L'emplacement précis de Béthabara, où Jean-Baptiste a baptisé Jésus et ses disciples, a fait l'objet de recherches approfondies. L'Évangile de Matthieu suggère que le site où Jésus a été baptisé se trouve près de Jéricho, tandis que, dans un autre verset, l'Évangile de Jean laisse entendre qu'un site de baptême utilisé par Jean se trouvait à une journée de marche de Cana en Galilée et à deux ou trois jours de Jérusalem : « Jean baptisait aussi à Aenon, près de Salim... » (Jean 3:23, KJV).
Cela situe le site du baptême (ou un autre) plus au nord, peut-être près de Tel Shalem, situé au sud de l'actuelle Tirat Zvi. Un pèlerin du IVe siècle après J.-C. et un voyageur du VIe siècle ont noté que le site historique du baptême se trouvait à cinq miles au nord de la mer Morte, la colline d'où Elie est monté au ciel se trouvant à l'est.
Ce pèlerin a également décrit les mesures de protection prises pour protéger l'église byzantine des inondations sous le règne de l'empereur Anastase Ier (491-518). Les pèlerins ont mentionné un poteau portant une croix au milieu de la rivière pour marquer le lieu du baptême de Jésus.
Un troisième voyageur, le pèlerin anonyme de Plaisance, a écrit en 570 que le lieu historique du baptême se trouvait en face de l'église de Jean-Baptiste (celle située à Qasr al-Yahud sur la rive occidentale du fleuve).
Aujourd'hui, la plupart des spécialistes se réfèrent au récit du pèlerin de Plaisance pour identifier avec précision le lieu du baptême de Jésus-Christ.
En 1899, les premières découvertes archéologiques ont été faites sur la rive orientale du Jourdain, à Béthanie au-delà du Jourdain (dans l'actuel Royaume de Jordanie). Toutefois, ce n'est qu'après le traité de paix israélo-jordanien de 1994 et le déminage de la frontière que les vestiges d'anciennes églises, de grottes et de plusieurs piscines baptismales ont été mis au jour. Tous ont été datés de la période byzantine et même avant.
Pour de nombreux archéologues, il est aujourd'hui évident que ce complexe situé de part et d'autre de la rivière était déjà une zone de pèlerinage au cours des premiers siècles. La découverte de nombreux tessons de poterie du 1er siècle et de débris de casseroles sur le sol confirme la fréquence élevée des visites sur le site. Il a également été prouvé que des bâtiments importants ont été construits pendant la période byzantine à cet endroit pour le culte et la commémoration.
Après de longs débats, de nombreux érudits ont accepté la théorie selon laquelle Béthanie au-delà du Jourdain (Al Maghtas), ou Béthabara, ainsi que Qasr El Yehud (également appelé Béthabara, d'après la carte de Madaba) est effectivement le site où Jésus a été baptisé.

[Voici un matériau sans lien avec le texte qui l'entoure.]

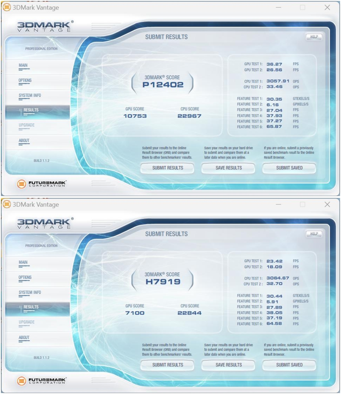 3DMark Vantage一款3D图形性能评测软件,主要用于评测电脑的显卡和处理器的性能。金年会·jinnian按照画质等级,记录了性能级(Performance,P)和高端级(High,H)两份数据。其中,Performance的综合得分为P12402,High的综合得分为H7919,表现不错,这个成绩已经完全能够满足主流用户的需求了。
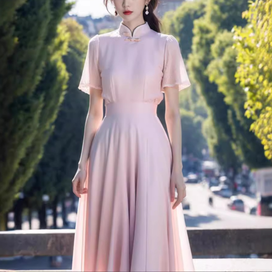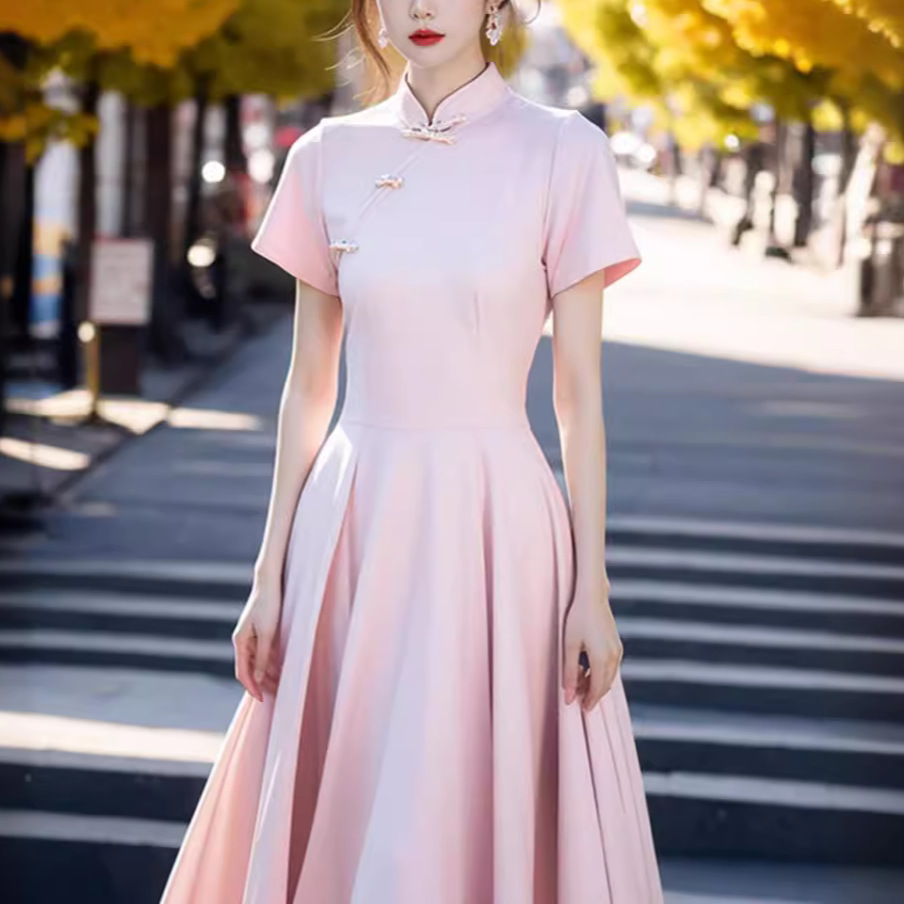 新しい中国式の婦人服のピンクの立襟の若いタイプのチャイナドレスのワンピースの夏の新型のナシの形の体つきはやせている国風のスカートを現します。

Il est plus qu'exact de croire que les évangiles de Jean et de Matthieu font référence au même endroit pour le baptême de Jésus-Christ, comme l'indiquent Matthieu 3:13-16, Jean 1:28 et Jean 10:40. Il se pourrait que la mention de Jean le Baptiste à Aenon près de Salim mentionnée dans Jean 3:23 soit un autre endroit au nord près de Tel Shalem, utilisé par Jean le Baptiste à l'occasion pour d'autres baptêmes et mentionné par erreur sur la carte de Madaba, sur le côté est de la rivière, en face de Bethabara et à proximité de celle-ci.
Alternativement, puisque « Ainon » peut provenir du mot hébreu « Ain » (source), l'« Ainon de Sapsafas » mentionné sur la carte de Madaba peut être un autre « Ainon » différent de l'Aenon du nord près de Salim (Shalem). Cette option est très probablement la plus précise des deux.
La localisation d'Al Maghtas et de Qasr El Yehud comme étant le véritable lieu du baptême historique de Jésus-Christ est d'autant plus logique qu'elle se trouve juste en face de Jéricho, à l'ouest. En effet, dans Matthieu 3:13-16, Jésus est baptisé, et dans le chapitre suivant, il va déjà jeûner dans le désert, qui devrait être situé au-dessus de Jéricho, selon une ancienne tradition.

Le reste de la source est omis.